*** Input ***
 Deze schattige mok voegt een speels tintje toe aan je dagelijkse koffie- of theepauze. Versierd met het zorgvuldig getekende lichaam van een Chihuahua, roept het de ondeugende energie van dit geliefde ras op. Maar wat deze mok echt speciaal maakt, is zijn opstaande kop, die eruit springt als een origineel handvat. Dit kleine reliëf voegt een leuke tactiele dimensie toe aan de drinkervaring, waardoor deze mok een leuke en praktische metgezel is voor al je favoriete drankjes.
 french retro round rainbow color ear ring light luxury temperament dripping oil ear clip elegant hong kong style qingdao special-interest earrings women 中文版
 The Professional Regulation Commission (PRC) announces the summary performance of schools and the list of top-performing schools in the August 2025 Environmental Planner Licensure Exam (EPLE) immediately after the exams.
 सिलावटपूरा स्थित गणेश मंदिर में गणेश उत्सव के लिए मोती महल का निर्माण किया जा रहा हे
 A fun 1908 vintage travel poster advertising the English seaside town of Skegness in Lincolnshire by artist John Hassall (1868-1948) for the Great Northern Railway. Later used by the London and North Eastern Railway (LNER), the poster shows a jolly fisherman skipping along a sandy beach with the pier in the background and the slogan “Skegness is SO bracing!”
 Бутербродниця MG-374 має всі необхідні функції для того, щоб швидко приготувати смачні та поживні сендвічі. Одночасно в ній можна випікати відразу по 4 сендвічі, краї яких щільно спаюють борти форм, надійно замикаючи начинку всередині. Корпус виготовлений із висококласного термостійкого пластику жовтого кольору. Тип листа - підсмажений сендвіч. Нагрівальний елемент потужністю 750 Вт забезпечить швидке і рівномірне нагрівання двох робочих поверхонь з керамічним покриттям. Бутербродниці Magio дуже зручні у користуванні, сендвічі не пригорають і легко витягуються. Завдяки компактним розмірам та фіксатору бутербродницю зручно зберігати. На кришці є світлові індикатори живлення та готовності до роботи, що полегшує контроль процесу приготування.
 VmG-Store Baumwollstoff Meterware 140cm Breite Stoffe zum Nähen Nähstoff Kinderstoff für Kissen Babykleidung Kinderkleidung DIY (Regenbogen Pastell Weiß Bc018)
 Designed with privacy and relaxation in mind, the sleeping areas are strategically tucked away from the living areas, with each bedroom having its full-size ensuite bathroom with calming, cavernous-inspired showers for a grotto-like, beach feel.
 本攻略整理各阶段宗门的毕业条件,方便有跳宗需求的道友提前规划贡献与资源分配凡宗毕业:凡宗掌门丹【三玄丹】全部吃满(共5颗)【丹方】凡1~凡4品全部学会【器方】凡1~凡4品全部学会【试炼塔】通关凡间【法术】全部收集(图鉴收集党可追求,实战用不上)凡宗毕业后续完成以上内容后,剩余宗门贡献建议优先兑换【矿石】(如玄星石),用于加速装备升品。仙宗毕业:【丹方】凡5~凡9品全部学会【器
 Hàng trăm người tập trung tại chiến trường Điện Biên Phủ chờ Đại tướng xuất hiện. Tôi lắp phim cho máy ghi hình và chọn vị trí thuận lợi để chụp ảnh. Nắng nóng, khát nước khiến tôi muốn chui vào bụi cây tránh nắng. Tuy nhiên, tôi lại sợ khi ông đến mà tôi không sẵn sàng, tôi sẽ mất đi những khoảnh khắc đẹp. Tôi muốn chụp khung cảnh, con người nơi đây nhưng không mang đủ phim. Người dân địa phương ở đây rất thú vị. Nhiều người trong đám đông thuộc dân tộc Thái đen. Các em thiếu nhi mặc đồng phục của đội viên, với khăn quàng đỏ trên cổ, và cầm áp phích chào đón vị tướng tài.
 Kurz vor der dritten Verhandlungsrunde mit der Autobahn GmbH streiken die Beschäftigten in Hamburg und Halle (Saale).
*** End of Input ***
### Task requirements
Return every line of the material above exactly.

### Exercise result
 Deze schattige mok voegt een speels tintje toe aan je dagelijkse koffie- of theepauze. Versierd met het zorgvuldig getekende lichaam van een Chihuahua, roept het de ondeugende energie van dit geliefde ras op. Maar wat deze mok echt speciaal maakt, is zijn opstaande kop, die eruit springt als een origineel handvat. Dit kleine reliëf voegt een leuke tactiele dimensie toe aan de drinkervaring, waardoor deze mok een leuke en praktische metgezel is voor al je favoriete drankjes.
 french retro round rainbow color ear ring light luxury temperament dripping oil ear clip elegant hong kong style qingdao special-interest earrings women 中文版
 The Professional Regulation Commission (PRC) announces the summary performance of schools and the list of top-performing schools in the August 2025 Environmental Planner Licensure Exam (EPLE) immediately after the exams.
 सिलावटपूरा स्थित गणेश मंदिर में गणेश उत्सव के लिए मोती महल का निर्माण किया जा रहा हे
 A fun 1908 vintage travel poster advertising the English seaside town of Skegness in Lincolnshire by artist John Hassall (1868-1948) for the Great Northern Railway. Later used by the London and North Eastern Railway (LNER), the poster shows a jolly fisherman skipping along a sandy beach with the pier in the background and the slogan “Skegness is SO bracing!”
 Бутербродниця MG-374 має всі необхідні функції для того, щоб швидко приготувати смачні та поживні сендвічі. Одночасно в ній можна випікати відразу по 4 сендвічі, краї яких щільно спаюють борти форм, надійно замикаючи начинку всередині. Корпус виготовлений із висококласного термостійкого пластику жовтого кольору. Тип листа - підсмажений сендвіч. Нагрівальний елемент потужністю 750 Вт забезпечить швидке і рівномірне нагрівання двох робочих поверхонь з керамічним покриттям. Бутербродниці Magio дуже зручні у користуванні, сендвічі не пригорають і легко витягуються. Завдяки компактним розмірам та фіксатору бутербродницю зручно зберігати. На кришці є світлові індикатори живлення та готовності до роботи, що полегшує контроль процесу приготування.
 VmG-Store Baumwollstoff Meterware 140cm Breite Stoffe zum Nähen Nähstoff Kinderstoff für Kissen Babykleidung Kinderkleidung DIY (Regenbogen Pastell Weiß Bc018)
 Designed with privacy and relaxation in mind, the sleeping areas are strategically tucked away from the living areas, with each bedroom having its full-size ensuite bathroom with calming, cavernous-inspired showers for a grotto-like, beach feel.
 本攻略整理各阶段宗门的毕业条件,方便有跳宗需求的道友提前规划贡献与资源分配凡宗毕业:凡宗掌门丹【三玄丹】全部吃满(共5颗)【丹方】凡1~凡4品全部学会【器方】凡1~凡4品全部学会【试炼塔】通关凡间【法术】全部收集(图鉴收集党可追求,实战用不上)凡宗毕业后续完成以上内容后,剩余宗门贡献建议优先兑换【矿石】(如玄星石),用于加速装备升品。仙宗毕业:【丹方】凡5~凡9品全部学会【器
 Hàng trăm người tập trung tại chiến trường Điện Biên Phủ chờ Đại tướng xuất hiện. Tôi lắp phim cho máy ghi hình và chọn vị trí thuận lợi để chụp ảnh. Nắng nóng, khát nước khiến tôi muốn chui vào bụi cây tránh nắng. Tuy nhiên, tôi lại sợ khi ông đến mà tôi không sẵn sàng, tôi sẽ mất đi những khoảnh khắc đẹp. Tôi muốn chụp khung cảnh, con người nơi đây nhưng không mang đủ phim. Người dân địa phương ở đây rất thú vị. Nhiều người trong đám đông thuộc dân tộc Thái đen. Các em thiếu nhi mặc đồng phục của đội viên, với khăn quàng đỏ trên cổ, và cầm áp phích chào đón vị tướng tài.
 Kurz vor der dritten Verhandlungsrunde mit der Autobahn GmbH streiken die Beschäftigten in Hamburg und Halle (Saale).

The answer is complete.